All humans have the same set of genes, and the sequence of our base pairs is remarkably similar. However, this doesn't mean that we all have exactly the same nucleotide sequence in our genome. If this were the case, then all humans would be clones having exactly the same genetic code. The passage of the genetic code from generation to generation via the sperm and ova of our ancestors requires replication of DNA, and while replication is remarkably precise, errors occasionally occur and produce changes in the base sequence. It is these changes that produce the variation that makes each of us genetically unique (except for identical twins), and they also drive evolution of species


Mutations are random changes in the sequence of base pairs in DNA, and mutagens are factors that cause mutations, e.g., chemicals or radiation (UV light, x-rays, gamma radiation). Mutagens result four patterns of alteration in the base sequence:

  1. Replacement (substitution) of a single base pair
  2. Addition of one or more base pairs
  3. Deletion of one or more base pairs
  4. Relocation of a segment of base pairs

The effects of these alterations depend on several factors.

Substitution of One Base Pair

Substitution of one base pair for another produces the smallest change in the code, but it's effects can range from none to massive depending on the details.

The example below shows an initial sequence of base pairs on the left, the mRNA transcript, and the sequence of amino acids that would result. The right portion shows that substitution of thymine (T) for adenine (A) changes the third base in the mRNA transcript, but the amino acid sequence is unchanged, because GUU and GUA are both codons for the amino acid valine. In fact, there are four codons that specify insertion of the amino acid valine: GUU, GUC, GUA, and GUG. If a normal gene had a GUU codon (specifying insertion of valine) at a particular place, changing the third base from uracil (U) to adenine (A) would still produce a protein that had the amino acid valine in the correct position. Consequently, the protein would be unchanged, and the mutation would be "silent."

Replacement of a single nucleotide may result in no difference in amino acid sequence

In other cases, however, substitution of a single base pair leads to a change in one of the amino acids in the protein product as shown below.

But replacement of a single nucleotide can change amino acid sequence and can change function significantly/

Once again, an adenine (A) in DNA has been replaced by a thymine (T), but in this case the codon in the mRNA changes from AGU, which is a codon for the amino acid serine to AGA , which codes for the amino acid arginine. Changing one amino acid in a protein may have no discernible effect on the protein's function, but at times, changing even a single amino acid can have a massive effect. An example of this is seen with sickle cell anemia.

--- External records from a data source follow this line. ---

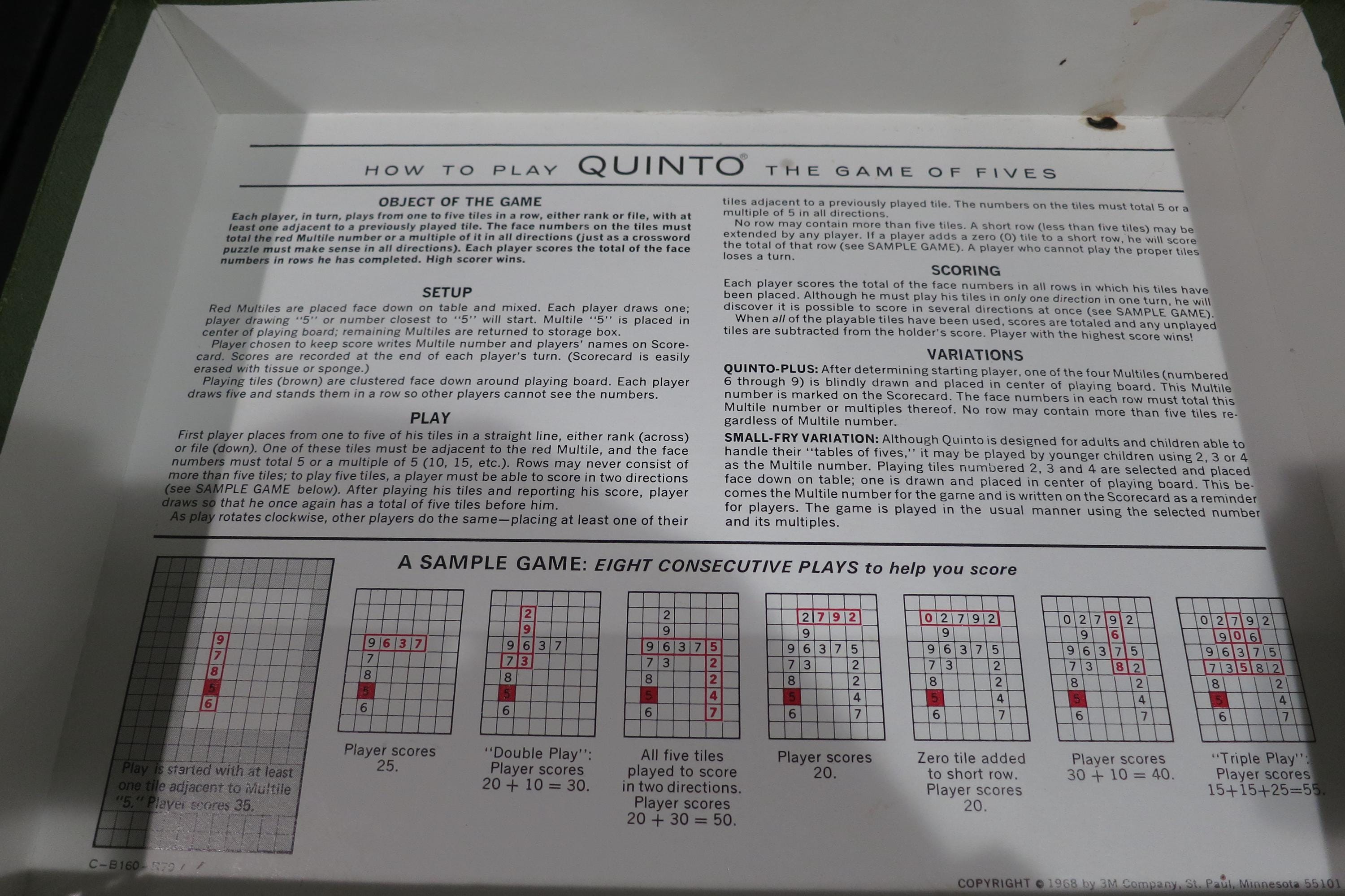 Vintage 1968 3M Bookshelf Board Game Quinto Facinating Game of Fives 100% Complete.
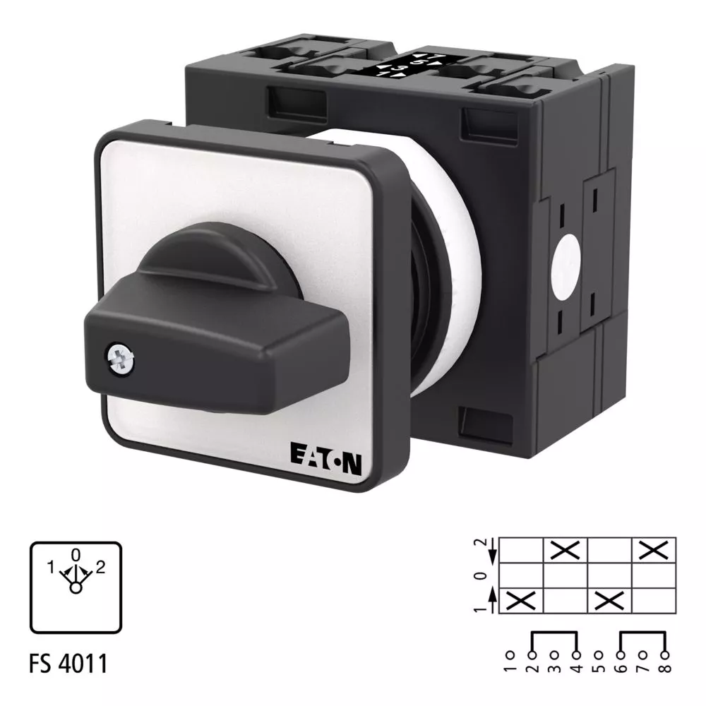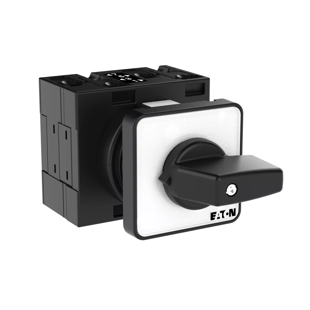 Łącznik krzywkowy wg IEC/EN60947, wielkość konstrukcyjna T3, kształt montażu, tabliczka czołowa 48X48, klasa ochrony na przedzie IP65 z czarnym pokrętłem, pomiarowy prąd stały Iu 32A, znamionowe napięcie pracy Ue 690V, dostępne akcesoria zgodnie z danymi katalogu łączników krzywkowych T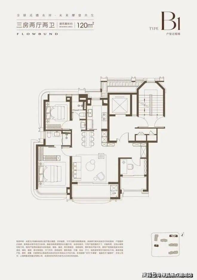 建面约120㎡的大横厅、双阳台产品,并没有勉强去做4房,而是打造了一个超宽绰的3房产品。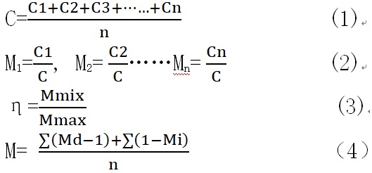 衡量混合作業(yè)的質(zhì)量可用混合效率η和混合料的平均均勻系數(shù)m來(lái)計(jì)算,其計(jì)算公式如下: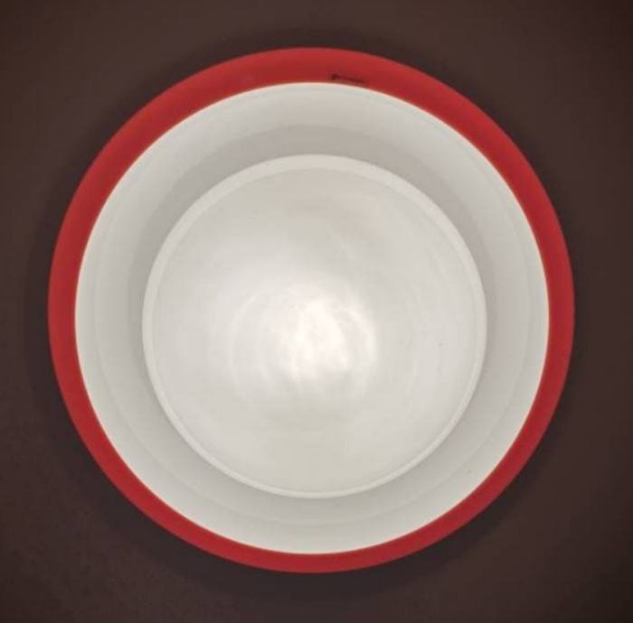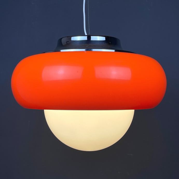 Space age plafonska viseća svjetiljka, model Jadran , proizvođača Meblo po licenci Guzzini iz 1970-tih godina. Proizvela ga je tvrtka Meblo, Jugoslavija, kao dio kolekcije Guzzini, talijanskog proizvođača rasvjetnih proizvoda. Ovaj model je L, sa narančastim sjenilom od plexiglasa specifičan je po staklenoj kugli mliječno bijele boje i savršenog svemirskog dizajna.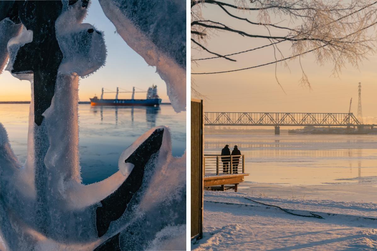 Солнце после тумана. Как выглядел Архангельск в редкую для ноября ясную погодуФоторепортаж с Северной Двины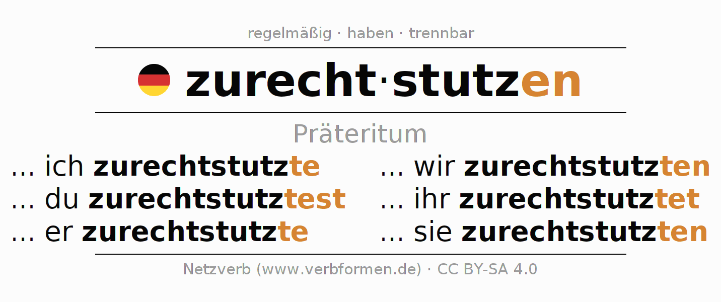 Das Verb zurechtstutzen vollständig in allen Personen und Numeri im Präteritum Indikativ konjugiert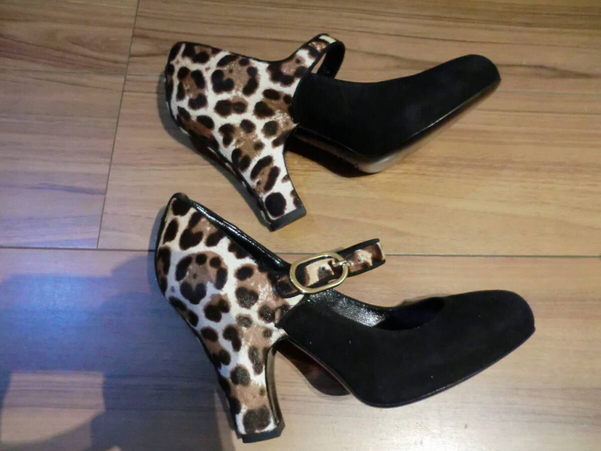 約6万 36 ドルチェアンドガッバーナ 本物 靴 23.5cm 黒 茶 未使用 美品 イタリア製 D&G ヒール 本革 レザー 豹柄 レオパード ヒョウ柄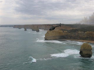 My brother-in-law, as some of you know, is a helicopter pilot with the Australian Army. I often gets emails of some rather spectacular photos, the most spectacular or which unfortunately I can't usually post on the internet, but this one I think is quite harmless. He recently had to fly this little helicopter from Darwin to Melbourne to perform in an Airshow, and so here he is flying by the twelve apostles.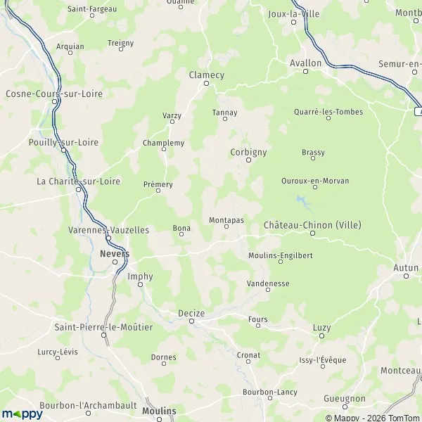 - Kaart Coulanges-lès-Nevers
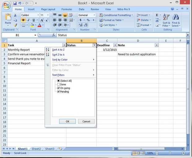Me gusta ver sólo la pendiente y las tareas que va, pero no quiero eliminar las tareas hechas. La opción de filtro me deja hacerlo. Simplemente haga clic en la flecha pequeña al lado de estado, puedo seleccionar o anular la selección de la opción. Aquí, seleccionar sólo adelante y pendiente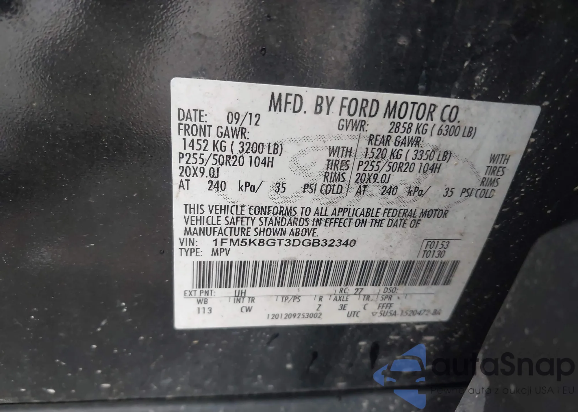LOT: 42892540 VIN: 5J6YH28696L025657

Sickle cell anemia is due to an inherited mutation in the gene that encodes for the β- chain of hemoglobin. Hemoglobin is a protein found in red blood cells which plays a key role in transporting oxygen from the lungs. It is composed of four protein subunits: two α- and two β-chains. In sickle cell anemia the key defect is caused by a mutation that replaces the hydrophilic amino acid glutamic acid (glutamate) with the hydrophobic amino acid valine at the sixth position of the β-chains. This causes the hemoglobin molecules to stick together when oxygen levels are low. As a result, the hemoglobin molecules form long fiber-like chains that distort the shaped of the red blood cells. Red blood cells are normally biconcave disks that flow easily through arteries and capillaries, but sickling causes red blood cells to stick to one another and occlude small arteries causing ischemia in various tissues and organs.

Substitution of a single nucleotide changes a glutmine in hemoglobin to valine and this changes its function dramatically.

Link to more information on sickle cell disease.


Addition or Deletion of One Base Pair

In contrast to substitution of a single base, addition or deletion of a single base cause a substantial disruption of the sequence of amino acids in the protein product. This is because the mRNA transcript is read as three-letter codons, and insertion or deletion of a single base causes a frame shift in the sequence that throws off all of the downstream codons. Consider the following hypothetical sequence of DNA and the mRNA transcript it would produce and the final amino acid sequence. For illustration, I begin with triplets with the same base, e.g., AAA, TTT, etc.



Amino Acids -- Phe -- Gly-- Lys--Pro--Pro --Lys --Gly --Lys--Phe--Phe--etc.

 Insertion of a single base might result in the following:



Amino Acids -- Phe--Trp- Glu--Thr--Pro -Gln -Arg-Glu--Ile--Phe--etc.

The insertion of a base advances all of the letters by one position, but the codons are still read as triplets, so the code is thrown off from the point of the insertion, and most of the amino acids are changed, although occasionally the original amino acid is retained by chance such as the Pro (proline) and the terminal Phe (phenylalanine) in the example above.

Deletion of a single base has the same effect, i.e., it causes a frame shift that changes all of the codons downstream from the point of the deletion.

The short video below illustrates the effects of substitution, insertion, and deletion of single base pairs.

Relocation of a Segment of Nucleotides

 The other mechanism that has been described for mutation is the relocation of an entire segment of nucleotides. This is illustrated below starting with the same hypothetical sequence of bases in DNA.



Amino Acids -- Phe -- Gly-- Lys--Pro--Pro --Lys --Gly --Lys--Phe--Phe--etc.

Relocation of a segment of bases might result in:



Amino Acids -- Phe -- Gly-- Lys--Pro--Leu --Phe --Pro -- Pro--Asn--Phe--etc.

This kind of relocation can have variable effects depending on the size of the relocated segment and whether or not it also cause frame shift errors.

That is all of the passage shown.